In which lines of the data does the string "most" appear? Copy every one.

Exercise inputs —
------------
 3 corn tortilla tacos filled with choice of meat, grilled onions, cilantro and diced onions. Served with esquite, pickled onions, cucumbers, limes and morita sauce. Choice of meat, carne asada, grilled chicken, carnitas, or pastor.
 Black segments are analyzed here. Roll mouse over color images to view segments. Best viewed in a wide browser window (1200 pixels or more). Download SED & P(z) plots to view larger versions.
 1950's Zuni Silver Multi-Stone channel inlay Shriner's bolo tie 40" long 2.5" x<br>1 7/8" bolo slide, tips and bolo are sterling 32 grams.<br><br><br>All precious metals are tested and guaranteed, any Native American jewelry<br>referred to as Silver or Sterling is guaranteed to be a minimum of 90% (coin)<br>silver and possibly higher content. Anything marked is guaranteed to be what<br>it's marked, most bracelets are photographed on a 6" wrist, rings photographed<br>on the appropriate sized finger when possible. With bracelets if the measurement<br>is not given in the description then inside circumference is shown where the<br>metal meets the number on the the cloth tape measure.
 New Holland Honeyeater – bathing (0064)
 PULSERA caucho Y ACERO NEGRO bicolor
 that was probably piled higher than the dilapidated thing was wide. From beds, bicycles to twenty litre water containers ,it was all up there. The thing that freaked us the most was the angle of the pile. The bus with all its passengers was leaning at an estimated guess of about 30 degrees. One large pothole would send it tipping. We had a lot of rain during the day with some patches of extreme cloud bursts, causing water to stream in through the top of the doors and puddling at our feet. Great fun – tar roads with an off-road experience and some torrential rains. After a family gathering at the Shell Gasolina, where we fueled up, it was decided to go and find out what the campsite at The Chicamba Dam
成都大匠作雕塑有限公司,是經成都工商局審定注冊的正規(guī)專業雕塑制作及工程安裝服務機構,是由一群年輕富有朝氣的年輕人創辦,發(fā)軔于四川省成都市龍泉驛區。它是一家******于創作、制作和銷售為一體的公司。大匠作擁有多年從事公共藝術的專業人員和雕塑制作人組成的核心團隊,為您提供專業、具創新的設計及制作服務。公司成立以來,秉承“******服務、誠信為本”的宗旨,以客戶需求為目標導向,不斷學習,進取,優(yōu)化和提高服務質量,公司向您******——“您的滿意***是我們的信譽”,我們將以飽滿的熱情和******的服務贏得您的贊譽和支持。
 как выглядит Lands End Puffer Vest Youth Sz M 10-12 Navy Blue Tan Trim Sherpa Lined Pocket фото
------------
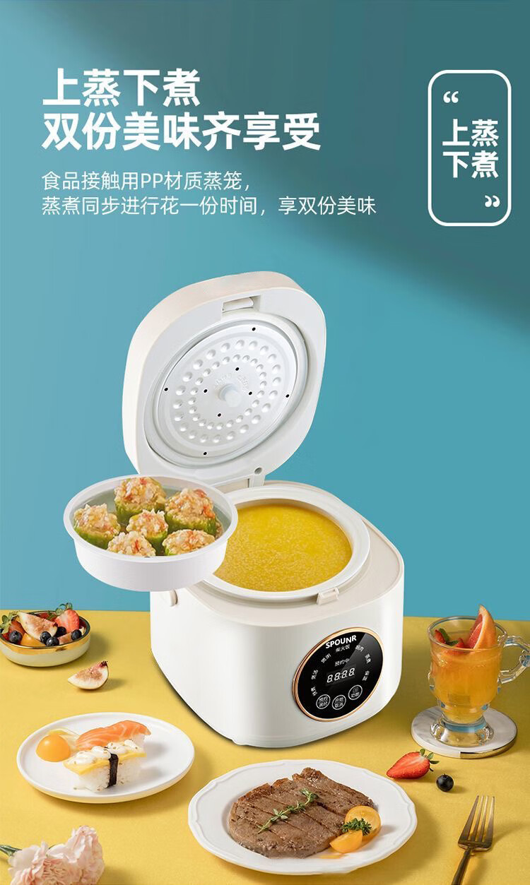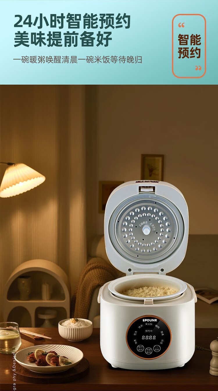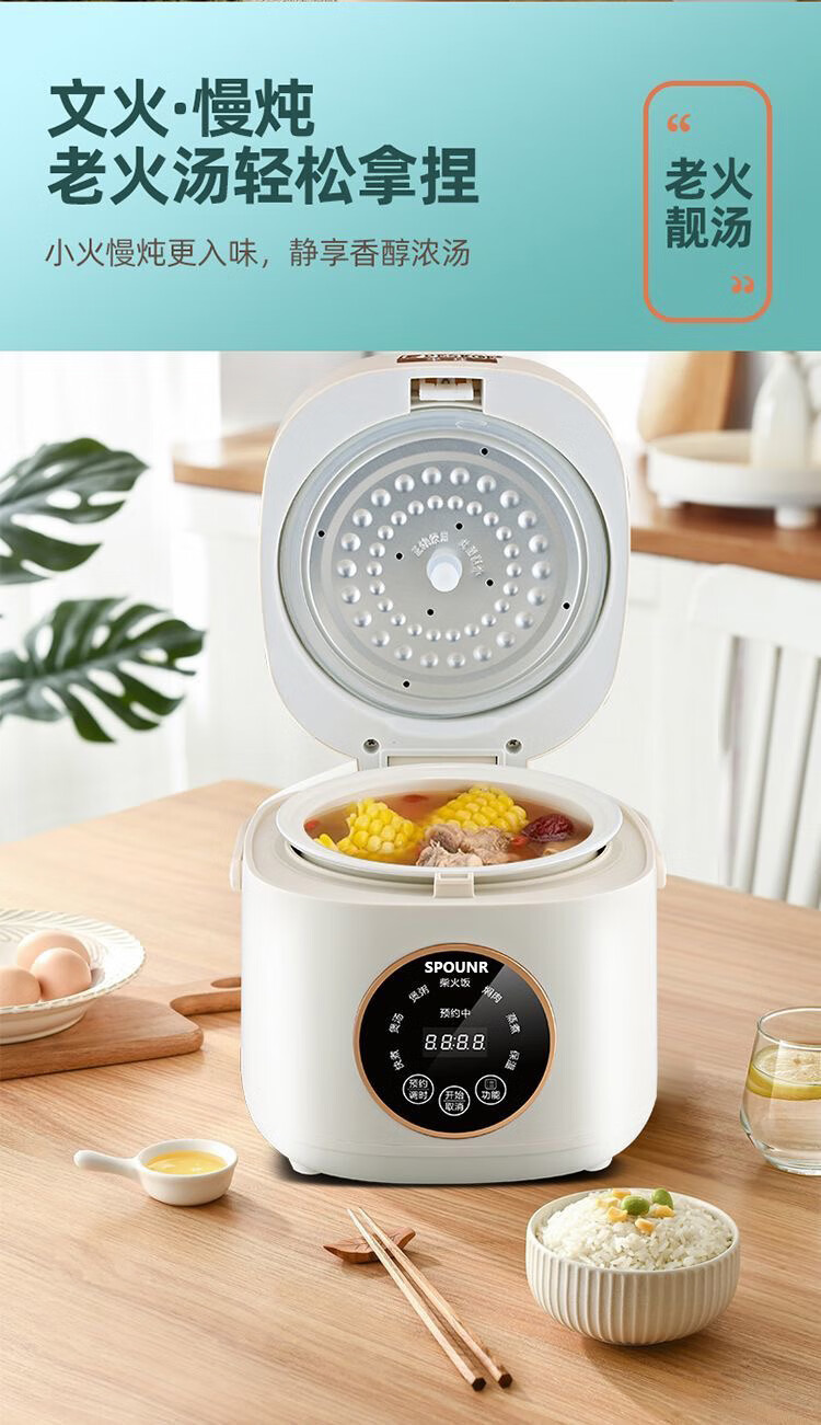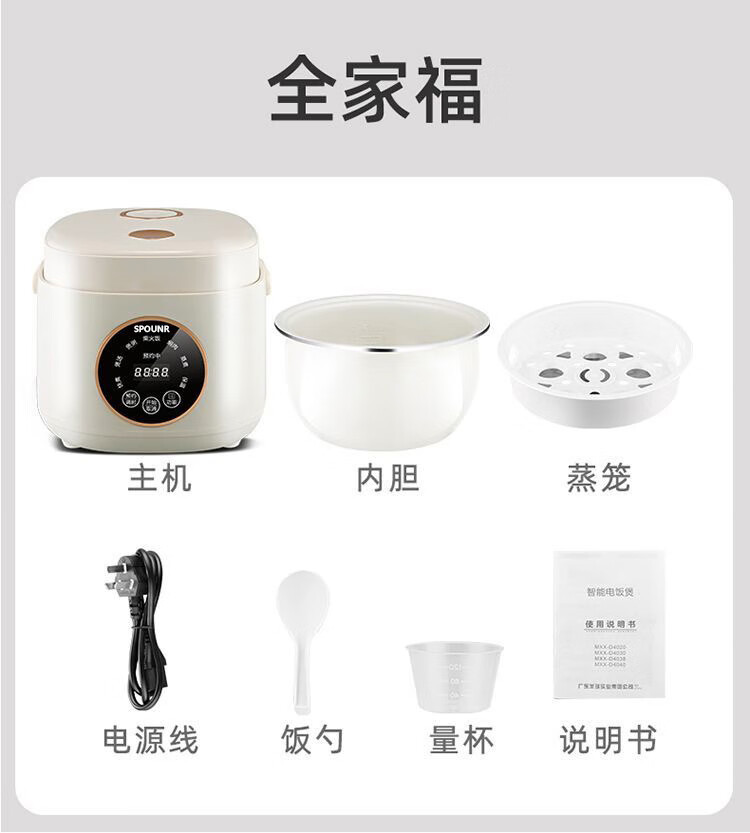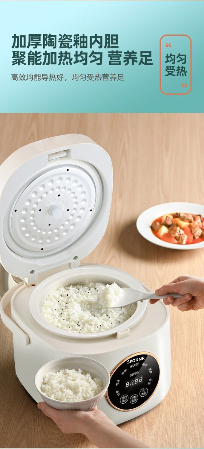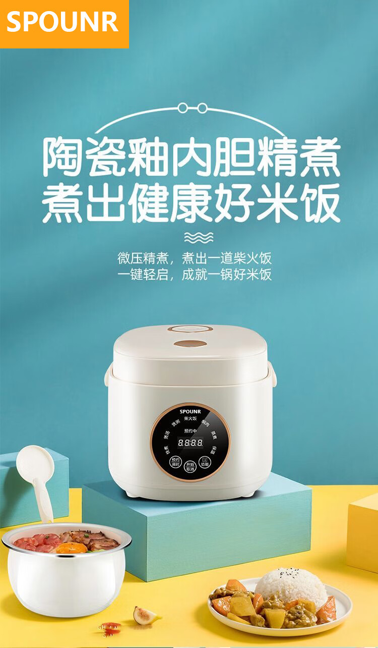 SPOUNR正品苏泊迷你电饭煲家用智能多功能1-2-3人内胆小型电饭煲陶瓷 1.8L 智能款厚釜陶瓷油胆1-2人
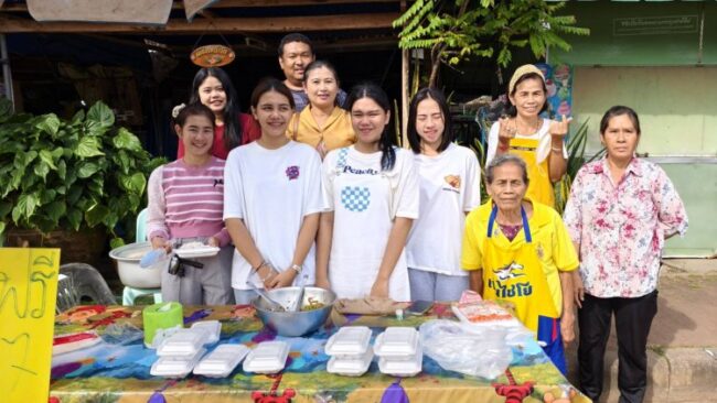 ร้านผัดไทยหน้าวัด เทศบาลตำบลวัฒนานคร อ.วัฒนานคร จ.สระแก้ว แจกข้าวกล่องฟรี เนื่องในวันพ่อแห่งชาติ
------------
The answer —
 1950's Zuni Silver Multi-Stone channel inlay Shriner's bolo tie 40" long 2.5" x<br>1 7/8" bolo slide, tips and bolo are sterling 32 grams.<br><br><br>All precious metals are tested and guaranteed, any Native American jewelry<br>referred to as Silver or Sterling is guaranteed to be a minimum of 90% (coin)<br>silver and possibly higher content. Anything marked is guaranteed to be what<br>it's marked, most bracelets are photographed on a 6" wrist, rings photographed<br>on the appropriate sized finger when possible. With bracelets if the measurement<br>is not given in the description then inside circumference is shown where the<br>metal meets the number on the the cloth tape measure.
 that was probably piled higher than the dilapidated thing was wide. From beds, bicycles to twenty litre water containers ,it was all up there. The thing that freaked us the most was the angle of the pile. The bus with all its passengers was leaning at an estimated guess of about 30 degrees. One large pothole would send it tipping. We had a lot of rain during the day with some patches of extreme cloud bursts, causing water to stream in through the top of the doors and puddling at our feet. Great fun – tar roads with an off-road experience and some torrential rains. After a family gathering at the Shell Gasolina, where we fueled up, it was decided to go and find out what the campsite at The Chicamba Dam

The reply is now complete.